Doctors across the country are raising urgent concerns after a startling cannabis-related condition has begun sending users to emergency rooms in record numbers — a violent cycle of symptoms so overwhelming that medical staff have nicknamed it “scromiting.”
It sounds unbelievable until you hear what patients are actually experiencing.
Over the past decade, hospitals have reported a dramatic increase in people arriving with crippling nausea, nonstop vomiting, and stomach pain so intense that many double over on the floor. Some return to the ER multiple times a year, unable to understand why their symptoms keep coming back.
The cause is Cannabis Hyperemesis Syndrome, or CHS.

Dr. Beatriz Carlini, a research associate professor at the University of Washington School of Medicine, notes just how difficult this condition can be to diagnose:
“A person often will have multiple emergency department visits until it is correctly recognized, costing thousands of dollars each time.”
The attacks are brutal — and loud. CHS episodes typically show up within 24 hours of cannabis use and can last days. Medical staff coined the term “scromiting” because many patients scream from the pain while they vomit.
Dr. Chris Buresh, an emergency medicine specialist, says treating CHS is uniquely challenging:
“There are currently no therapies approved by the Food and Drug Administration, and standard anti-nausea medications often don’t work.”
In the absence of reliable treatments, doctors often rely on unconventional approaches. Hot showers, capsaicin cream rubbed onto the abdomen, and even Haldol — a medication usually reserved for psychotic episodes — are sometimes used to manage symptoms.
Buresh says one detail can give away the diagnosis immediately:
“That’s something that can clinch the diagnosis for me, when someone says they’re better with a hot shower.
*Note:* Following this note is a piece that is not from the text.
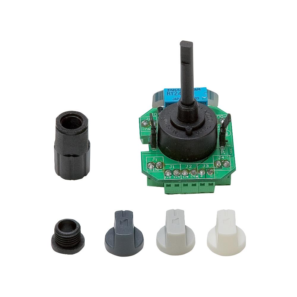 Il commutatore CT 61 a 6 posizioni (5 + off) abbinato ad un trasformatore di linea (non incluso) RCF TL 128 (o equivalente) funge da attenuatore di volume per un gruppo di diffusori acustici (in un sistema a tensione costante 100 V) aventi trasformatori di linea ed una potenza complessiva non superiore a 120 W. È dotato di relè (attivabile tramite un comando 24 V c.c.) per effettuare annunci con volume forzatamente al massimo oppure per inserire una seconda linea 100 V (non soggetta al controllo di volume), ma è anche configurabile per operare con linee a 3 fili (per ottenere il volume massimo all’uscita senza utilizzare il relè 24 V c.c. interno). Il commutatore CT 61 può essere installato su qualunque telaio portafrutti (per impianti elettrici civili) semplicemente forando un falso polo ed avvitando il modulo; il trasformatore TL 128 dovrà essere posizionato separatamente (es. dentro un’altra scatola). Sono fornite a corredo 3 manopole, ciascuna di colore diverso: bianco, argento, antracite.

Patients describe going through all the hot water in their house.”
Even after symptoms fade, CHS almost always returns if cannabis use continues. The only true cure is to stop using cannabis entirely, though the addictive component can make that extremely difficult. As Carlini warns,
“Because the syndrome strikes intermittently, some cannabis users assume a recent episode was unrelated and continue using — only to become severely ill again.”
What remains unclear is why some people develop CHS while others never do. One leading theory suggests that heavy or prolonged cannabis use overstimulates the body’s endocannabinoid system, disrupting its ability to regulate nausea and vomiting. According to Buresh,

“It seems like there’s a threshold when people can become vulnerable to this condition, and that threshold is different for everyone. Even using in small amounts can make these people start throwing up.”
A recent study from George Washington University, which surveyed more than 1,000 CHS patients, found strong links between early cannabis use, long-term consumption, and ER visits for scromiting. One particularly concerning trend: adolescent CHS cases in the U.S. have risen more than tenfold from 2016 to 2023. The highest increases appeared in states where recreational cannabis is still illegal, though overall CHS is more common in states where cannabis is widely available.
On October 1, 2025, the World Health Organization officially recognized CHS with a dedicated diagnosis code — a move that Carlini calls essential for tracking the condition’s rise. She noted,
“A new code for cannabis hyperemesis syndrome will supply important hard evidence on cannabis-adverse events, which physicians tell us is a growing problem.”
As ER visits continue to climb, experts urge both adults and teens to be aware of the risks. CHS may sound unbelievable, even exaggerated, but for thousands of people — many of them long-time cannabis users — the consequences are painfully real.